Closed nw-duncan closed 2 years ago
how closely related are data dependency and data distribution issues?- I feel like they're pretty different issues But if they're not, i've been told before that when the samples are large (we have 700 data points in that voxel), there's no need to use non-parametric stats even if the data is skewed, so in theory there'd be no advantage of using non-para If data dependency issues also go away when there's a large amount of data, winner, we can just use t-tests, but i doubt it's that simple
I've come across this paper https://psyarxiv.com/f2tyw/ based on the original https://www.nature.com/articles/6889010 that might be closer to what we need- or it might be a bit too close to multiple comparisons corrections rather than dependency issues corrections But if dependent data shrinks the standard error and increases false positive rate and this solves that, surely it's similar?
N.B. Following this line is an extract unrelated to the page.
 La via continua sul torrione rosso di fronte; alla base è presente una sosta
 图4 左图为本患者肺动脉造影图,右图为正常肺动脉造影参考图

By non-parametric I was thinking of some sort of Monte-Carlo or permutation testing. In other words, would we expect the same difference if we randomly selected voxels from across the brain.
That preprint is interesting. I'm not statistically literate enough to judge if it helps with the non-independence issue (although I share your instinct that it might) but it could be useful if we decide to compare each and every gene.
Let's go ahead with getting the basics put in place. Once the general pipeline is in place it should be easy enough to modify it to implement another testing method.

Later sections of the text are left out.